Restrictions on the import and export of gold, precious metals and diamonds to and from Syria and on exports of luxury goods to Syria followed, and between January and October 2012 there were seven separate regulations, adding a further 99 individuals and 24 entities to the asset freeze list, which currently includes 179 individuals and 54 entities.

EU Sanctions against Iran

Likewise in the case of Iran, EU sanctions imposed in 2007 were limited to an asset freeze against 10 entities and 12 individuals, plus an embargo on a limited number of items for Iran’s nuclear programmes, in order to implement the measures in UN Resolution 1737(2006). Throughout 2007, 2008, 2009 and 2010 more individuals and entities were added to the sanctions list, with the result that by October 2010 over 70 individuals and over 120 entities were subject to the asset freeze.

In October 2010, Regulation 961/2010 implemented UN Resolution 1929 (2010) and imposed a host of additional restrictions.

The additional measures imposed in October 2010 include prohibitions on financing and investing in certain Iranian businesses, including the oil and gas sector, rules applying to all transfers of funds to and from Iranian persons, entities and bodies (even where they do not appear on the asset freeze list), restrictions on EU banks and financial institutions and a ban on the provision of insurance to Iran, its Government, public bodies and corporations, and restrictions on transport.

Yet more restrictions were imposed in March 2012, including prohibitions relating to key equipment for Iran’s oil and gas sector, Iranian crude oil, petroleum and petrochemical products, gold, precious metals and diamonds and Iranian currency, as well as a prohibition on the supply of specialised financial messaging services for clearing banking transactions.

The additional restrictions which were imposed in December 2012 went beyond these import/export bans, to include restrictions on transfers involving Iranian banks as well as prohibitions relating to key naval equipment and technology, specialist software, Iranian natural gas, graphite, raw and semi-finished metals, services to Iranian ships and the supply of oil and petrochemical tankers.

The list of asset freeze targets was expanded in parallel throughout 2011, 2012 and 2013 with the result that, at the current date, the asset freeze list includes over 100 individuals and almost 500 entities.


While usually described as “smart” or “targeted” sanctions, the current package of measures against Iran is so wide-ranging as to amount to a virtual embargo on trade with Iran. Recent political rhetoric in the EU and the US has tended to focus on the “toughness”, “comprehensiveness” or “breadth” of the measures, rather than on their effectiveness, or the criteria to determine whether the restrictions are achieving their aims.

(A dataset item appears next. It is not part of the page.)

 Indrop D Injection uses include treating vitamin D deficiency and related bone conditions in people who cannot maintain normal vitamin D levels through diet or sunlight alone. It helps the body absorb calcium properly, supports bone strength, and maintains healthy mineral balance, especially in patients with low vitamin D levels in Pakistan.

That makes it difficult to assess the overall effectiveness of sanctions as a tool of foreign policy. In addition, in circumstances where restrictions are not tied to particular objectives, it is difficult to see how it could be said that a particular objective has been achieved and that in turn makes it difficult to assess how and when particular restrictions will be relaxed or lifted if there is progress in persuading Iran to change its policies.


It will have been seen from the above discussion that sanctions programmes can change very rapidly in ways which can be difficult to predict. The changes can have huge implications on commercial organisations engaged in international commerce, but they are frequently introduced with little or no advance warning and commonly do not include grandfathering or wind-down provisions.

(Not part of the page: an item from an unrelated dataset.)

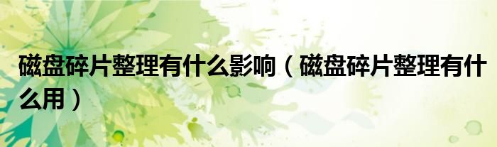 您好,今天帅帅来为大家解答以上的问题。磁盘碎片整理有什么影响,磁盘碎片整理有什么用相信很多小伙伴还不知道,现在让我们一起来看看吧!

Commercial organisations such as traders, transport operators, insurers and banks find themselves at the sharp end, with a high compliance burden, and with changes to sanctions programmes presenting them with threats or opportunities as restrictions and prohibitions are introduced or withdrawn.

As a result, commercial organisations engaged in international commerce not only need to exercise vigilance and check the status of the counterparties and goods they deal with, but also need to keep themselves updated as to changes in the relevant legislation to avoid risks and seize opportunities. Having an ear to the ground for future developments can be invaluable.